# Work request:
Repeat the records below exactly. Omit the pictures.

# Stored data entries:
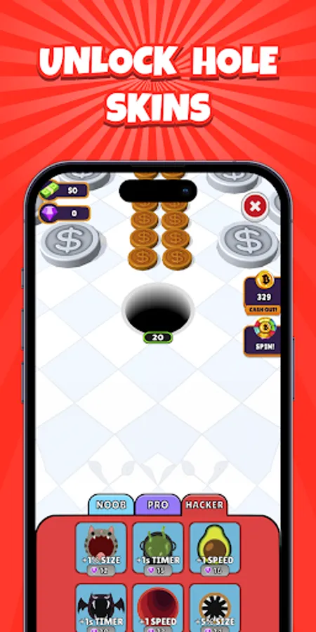 To elevate your hole's capabilities and unlock its full potential as a mastermind of thievery, Bitcoin Hole presents an array of enhancements available for acquisition. With each triumphant escapade, your gains flourish, granting you access to a wider selection of upgrades. Carefully elect from alternatives like extended time, an expanded hole, or heightened hole velocity to tailor your gameplay encounter.
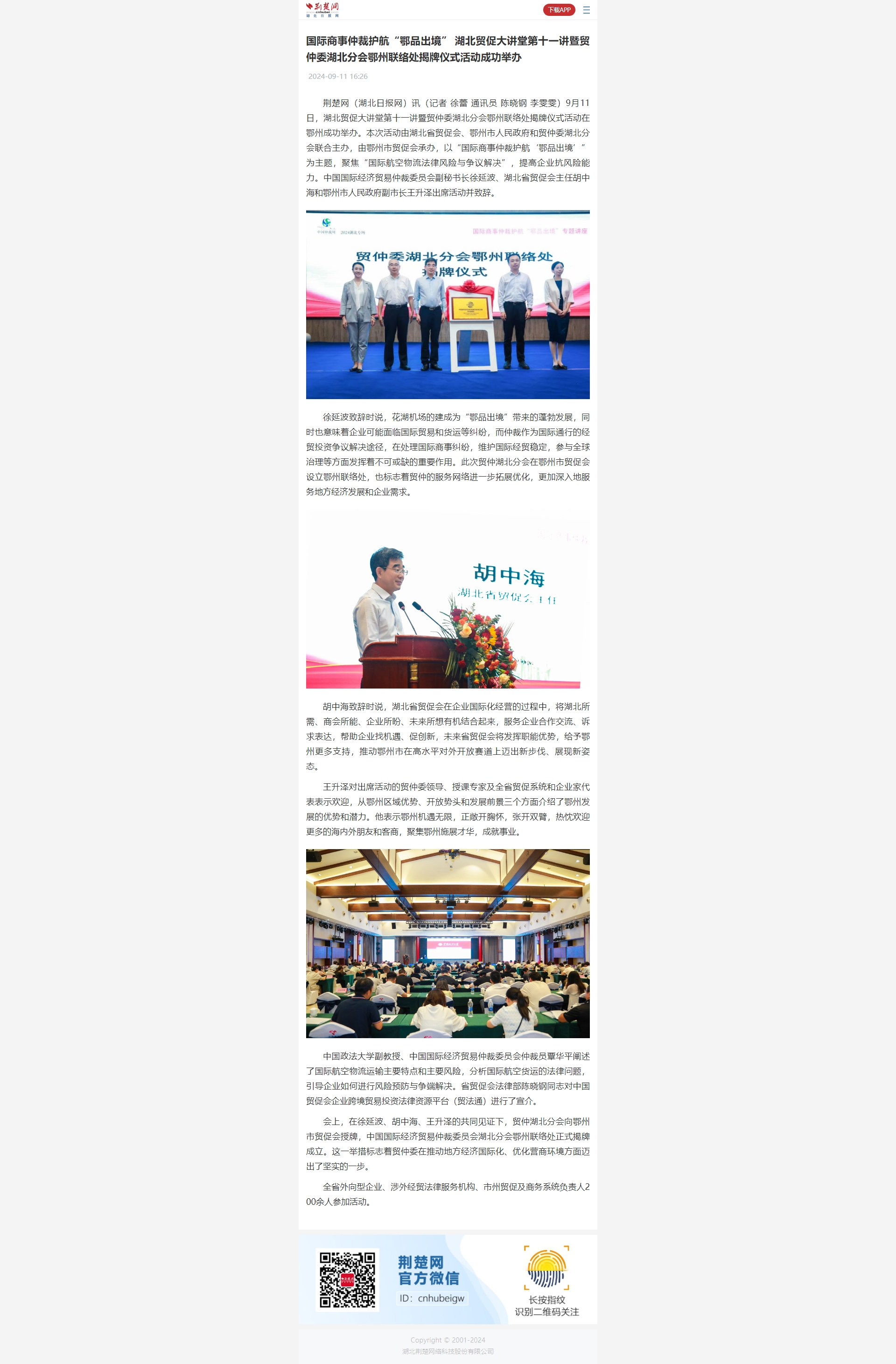 荆楚网:国际商事仲裁护航“鄂品出境” 湖北贸促大讲堂第十一讲暨贸仲委湖北分会鄂州联络处揭牌仪式活动成功举办
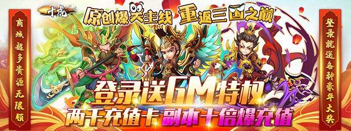 《十虎》是一款完美融合三国历史的Q版卡牌手游,深度优化版本,最强福利强势来袭,登录就送2000充,GM商城特权全白嫖,让你的游戏之旅更加顺畅欢快。游戏还拥有超立体战斗界面,酷炫攻击特效,每个角色都栩栩如生。其中多元化的武将培养方案,上百种武将技能搭配,扣人心弦的插台厮杀,让您重燃三国热血的激情。游戏玩法众多,签到就送顶级圣卡,挑战副本无限掉落充值卡,率领自己喜欢的三国名将一起征战四方吧!
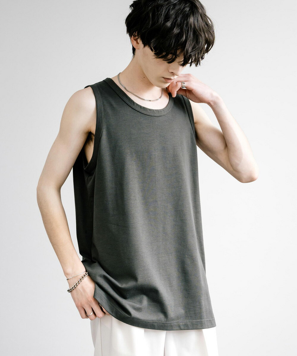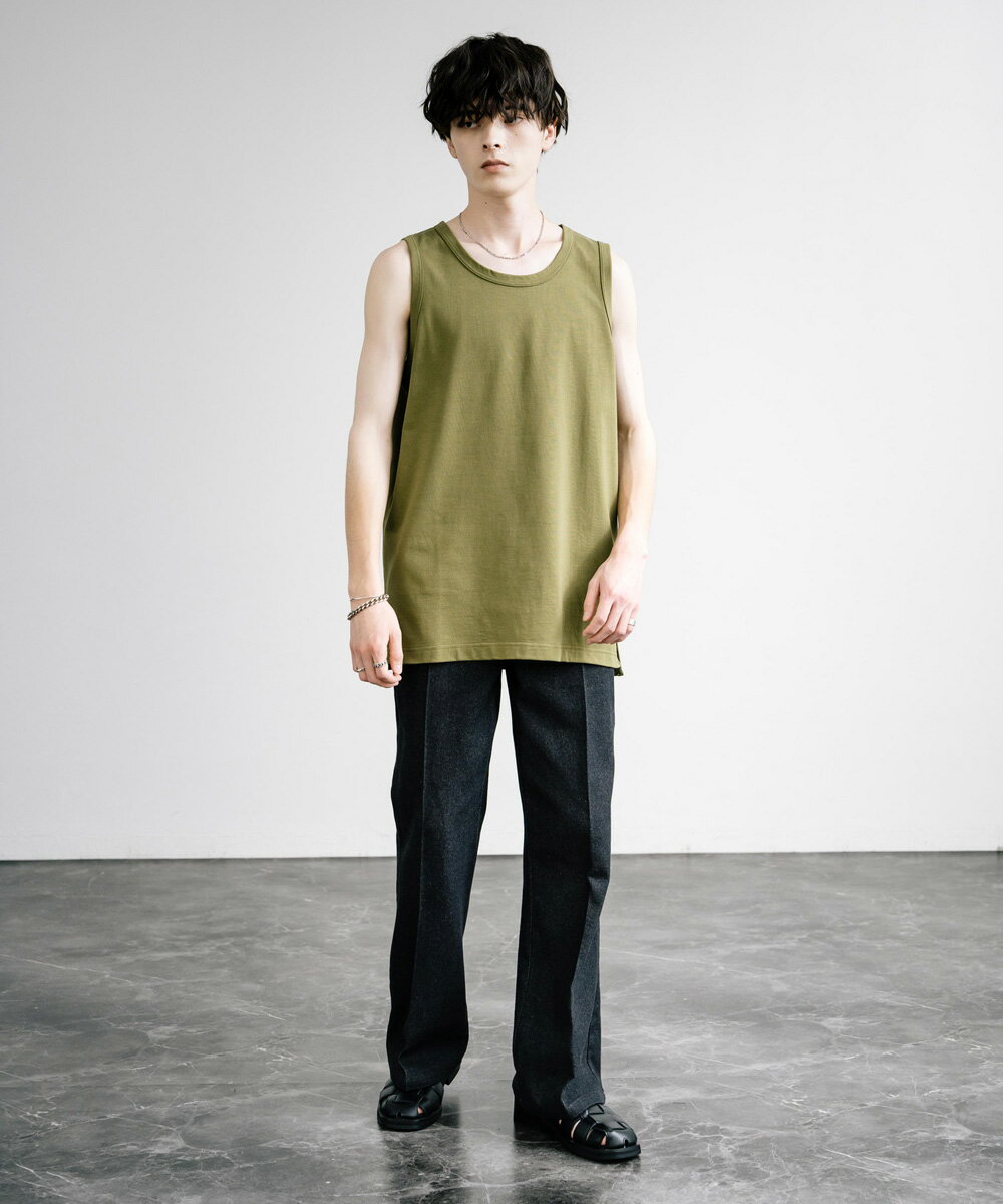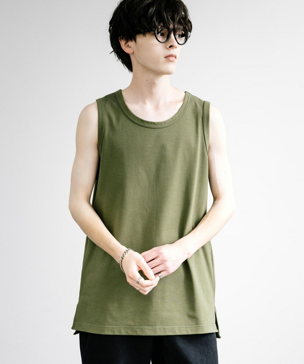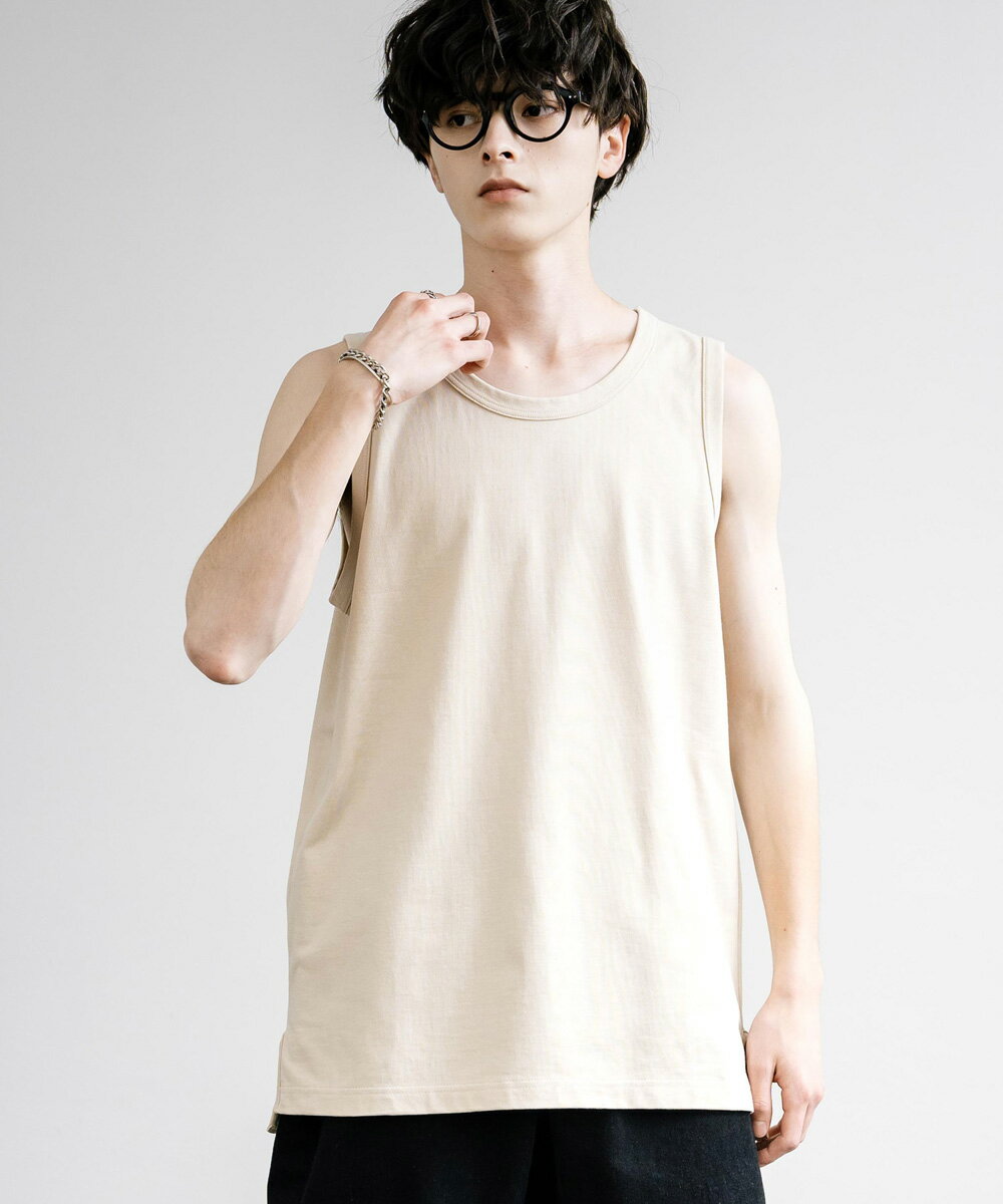 タンクトップ ロング丈 ノースリーブ メンズ レディース VORTEX 8オンス サイドスリット レイヤード 重ね着 日本製 国産 ルーズ ビッグシルエット オーバーサイズ 無地 シンプル カジュアル きれいめ Upscape Audience アップスケープオーディエンス AUD6527 13497
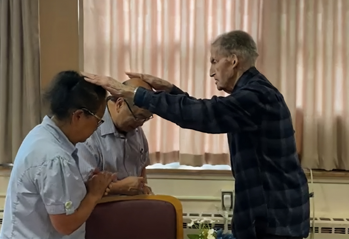 Father Lucien Bouchard, at the retirement home of the Oblates of Mary Immaculate in Tewksbury, Mass., blessing Xia Vue Yang, co-founder of the Lao, Hmong, American Veterans Association of Sheboygan, Wisc., and his wife Pa Vang Yang. (Photo courtesy Xia Vue Yang)
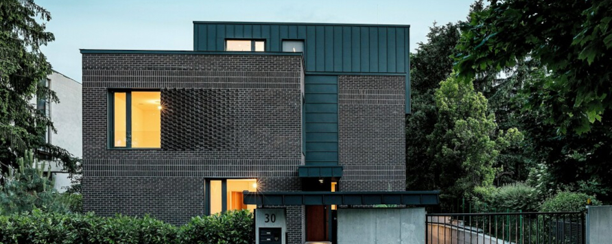 Aceasta casa multigenerationala cu acoperis plat, de culoare antracit P.10, acoperita cu placi PREFALZ, a fost construita in districtul XII al orasului Budapesta, unde utilizarea materialelor, organizarea spatiului si integrarea in mediul inconjurator au jucat un rol important.

# Reply:
 To elevate your hole's capabilities and unlock its full potential as a mastermind of thievery, Bitcoin Hole presents an array of enhancements available for acquisition. With each triumphant escapade, your gains flourish, granting you access to a wider selection of upgrades. Carefully elect from alternatives like extended time, an expanded hole, or heightened hole velocity to tailor your gameplay encounter.
 荆楚网:国际商事仲裁护航“鄂品出境” 湖北贸促大讲堂第十一讲暨贸仲委湖北分会鄂州联络处揭牌仪式活动成功举办
 《十虎》是一款完美融合三国历史的Q版卡牌手游,深度优化版本,最强福利强势来袭,登录就送2000充,GM商城特权全白嫖,让你的游戏之旅更加顺畅欢快。游戏还拥有超立体战斗界面,酷炫攻击特效,每个角色都栩栩如生。其中多元化的武将培养方案,上百种武将技能搭配,扣人心弦的插台厮杀,让您重燃三国热血的激情。游戏玩法众多,签到就送顶级圣卡,挑战副本无限掉落充值卡,率领自己喜欢的三国名将一起征战四方吧!
 タンクトップ ロング丈 ノースリーブ メンズ レディース VORTEX 8オンス サイドスリット レイヤード 重ね着 日本製 国産 ルーズ ビッグシルエット オーバーサイズ 無地 シンプル カジュアル きれいめ Upscape Audience アップスケープオーディエンス AUD6527 13497
 Father Lucien Bouchard, at the retirement home of the Oblates of Mary Immaculate in Tewksbury, Mass., blessing Xia Vue Yang, co-founder of the Lao, Hmong, American Veterans Association of Sheboygan, Wisc., and his wife Pa Vang Yang. (Photo courtesy Xia Vue Yang)
 Aceasta casa multigenerationala cu acoperis plat, de culoare antracit P.10, acoperita cu placi PREFALZ, a fost construita in districtul XII al orasului Budapesta, unde utilizarea materialelor, organizarea spatiului si integrarea in mediul inconjurator au jucat un rol important.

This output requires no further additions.